Later, as his students unsuited in the equipment locker, laughing and joking as they cleaned and stored their work suits, Leo drifted over to the silent and pale Tony. Surely I didn’t bark at him that hard, Leo thought to himself. Figured he was more resilient… “Stop and see me when you’re finished here,” said Leo quietly.
Tony flinched guiltily. “Yes, sir.” After his fellows had all swooped out, eager for their end-of-shift meal, Tony hung in air, both sets of arms crossed protectively across his torso. Leo floated near, and spoke in a grave tone.

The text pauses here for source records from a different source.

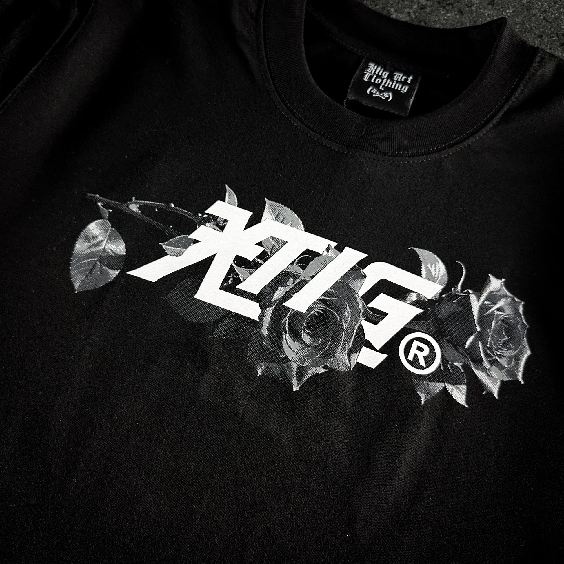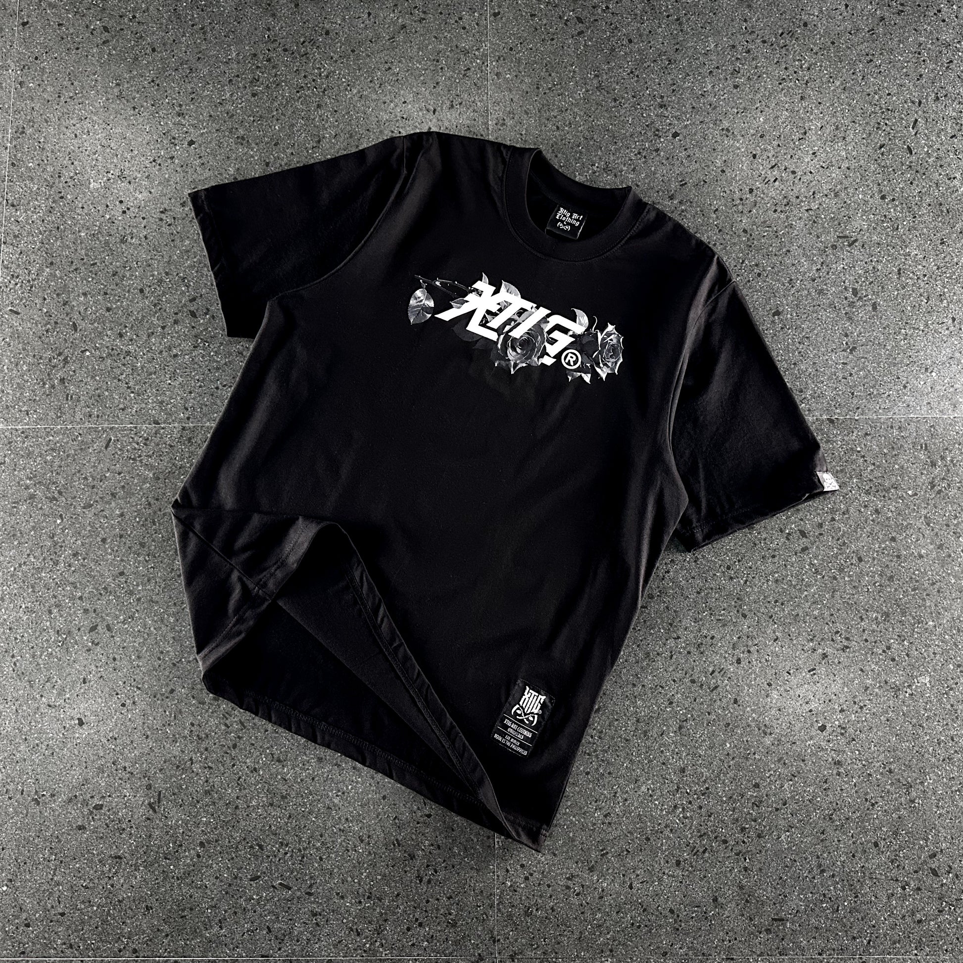 >XTIG woven tag attached on inside back neck, lower left side, and left side sleeve of the shirt.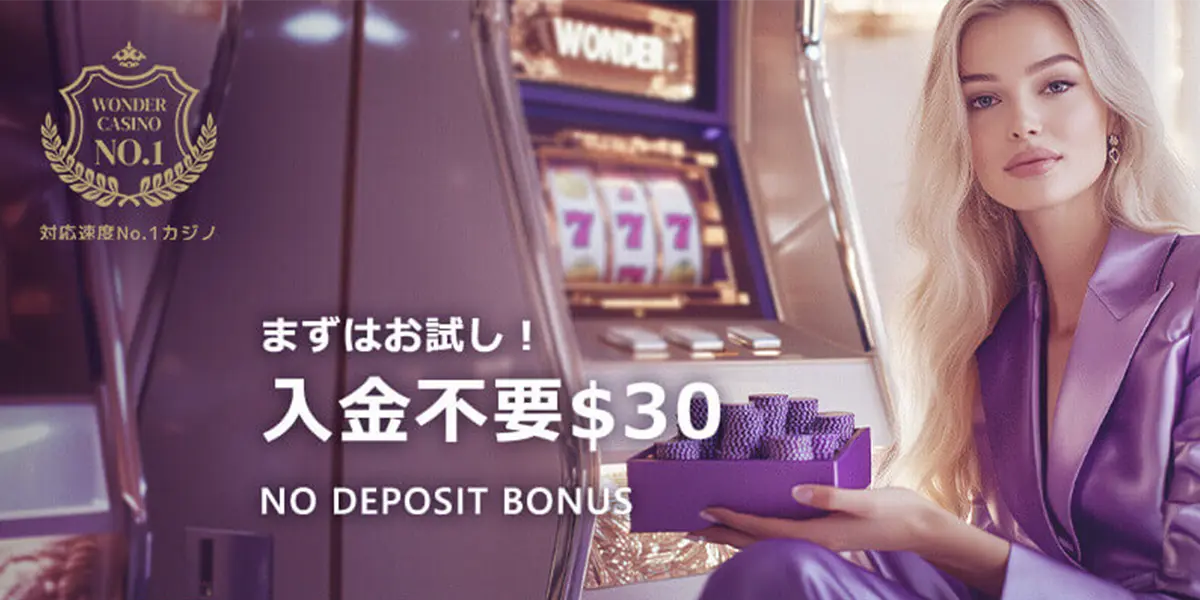 ワンダーカジノでは新規登録をすると30ドルの入金不要ボーナスがもらえます。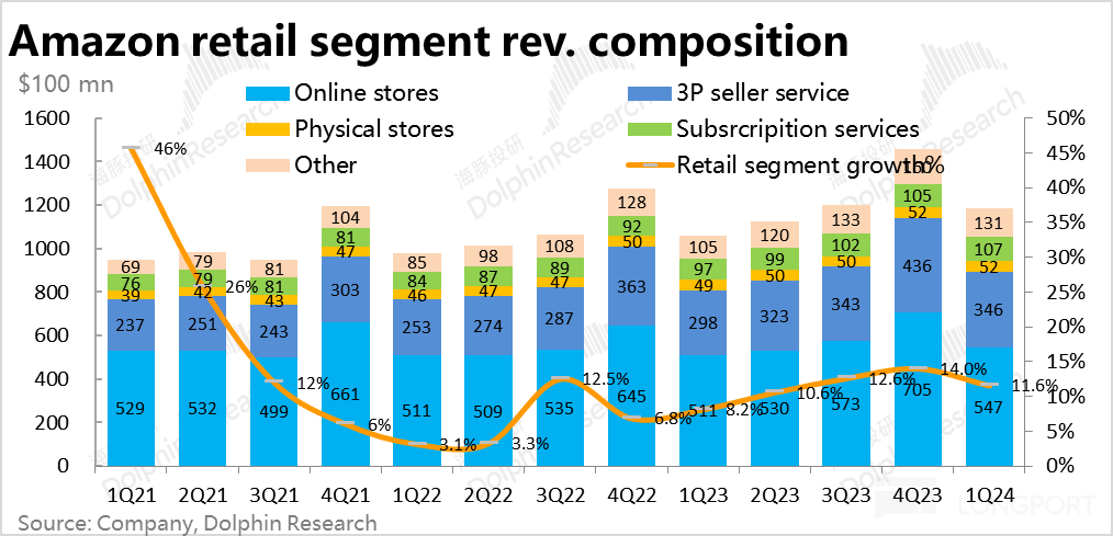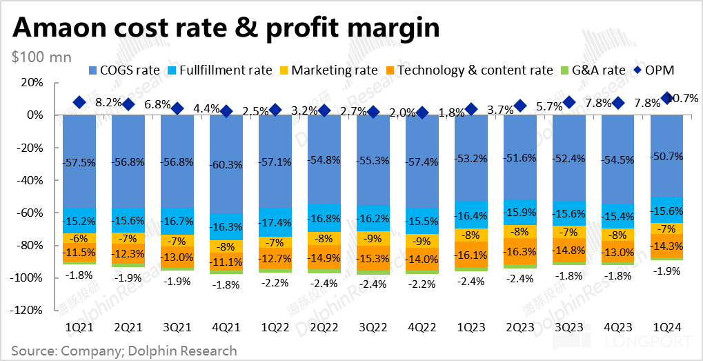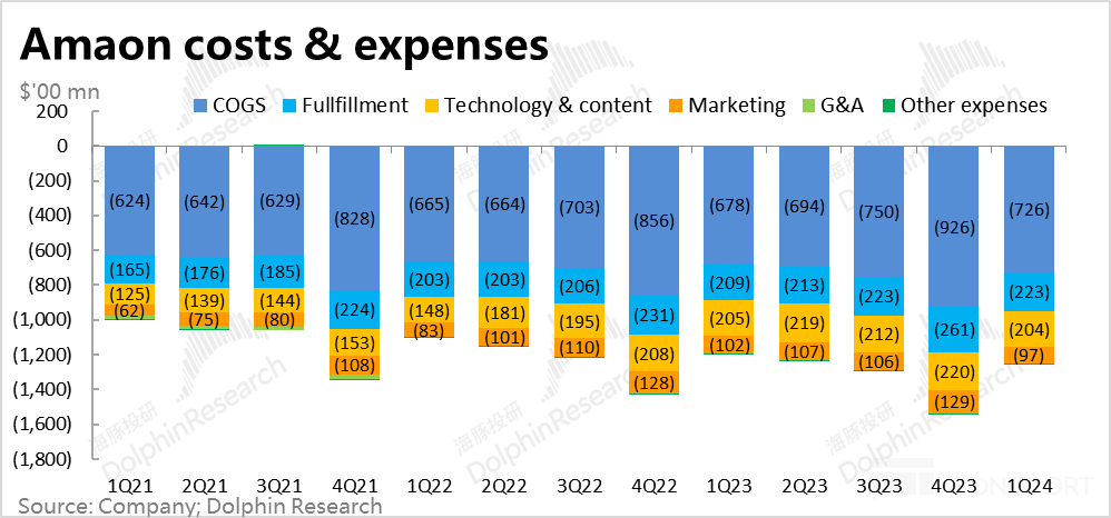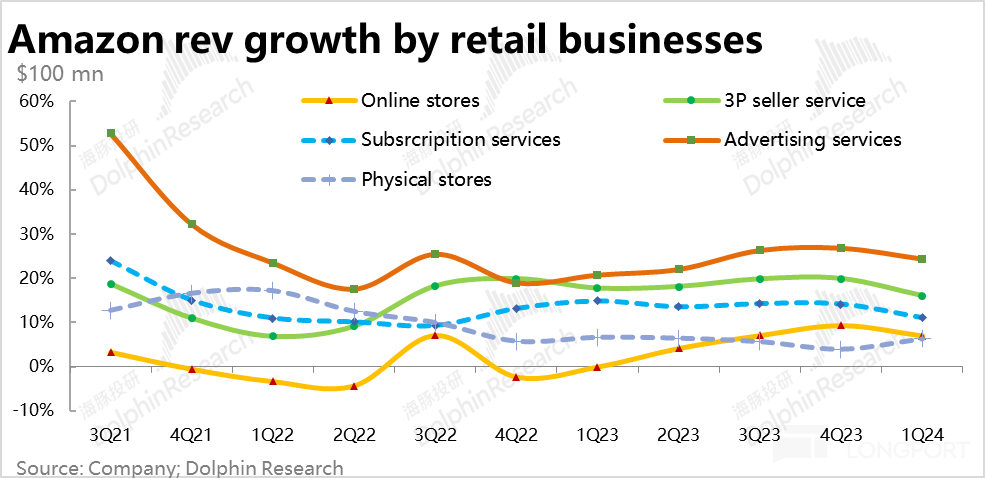 细分各业务板块来看,除了线下实体门店增速反而略微提速,其他各细分业务都是稳中略降的趋势。按增速排序,广告业务增长24.3%,在公司宣布了Prime Video上的广告业务后,卖方普遍对后续广告增长有不俗的预期。按改善幅度,营收贡献最大的线下零售的增速由3.9%改善到了6.3%,在经历的持续的增长下滑后,本次改善可能也归功于亚马逊配送时效性改善的利好。

“Where were you, out there today?”
“Sorry, sir. It won’t happen again.”
“It’s been happening all week. You got something on your mind, boy?”
Tony shook his head. “Nothing—nothing to do with you, sir.”
Meaning, nothing to do with work, Leo interpreted that. All right, so. “If it’s taking your mind off your work, it does have something to do with me. Want to talk about it? You got girl trouble? Little Andy all right? You have a fight with somebody?”
Tony’s blue eyes searched Leo’s face in sudden uncertainty, then he grew closed and inward once again. “No, sir.”
“You worried about going out on that contract? I guess it will be the first time away from home for you lads, at that.”
“It’s not that,” denied Tony. He paused, watching Leo again. “Sir—are there a great many other companies out there besides ours?
“Not a great many, for deep interstellar work,” Leo replied, a little baffled by this new turn in the conversation. “We’re the biggest, of course, though there’s maybe a half dozen others that can give us some real competition. In the heavily populated systems, like Tau Ceti or Escobar or Orient or of course Earth, there’s always a lot of little companies operating on a smaller scale. Super-specialists, or entrepreneurial mavericks, this and that. The outer worlds are coming on strong lately.”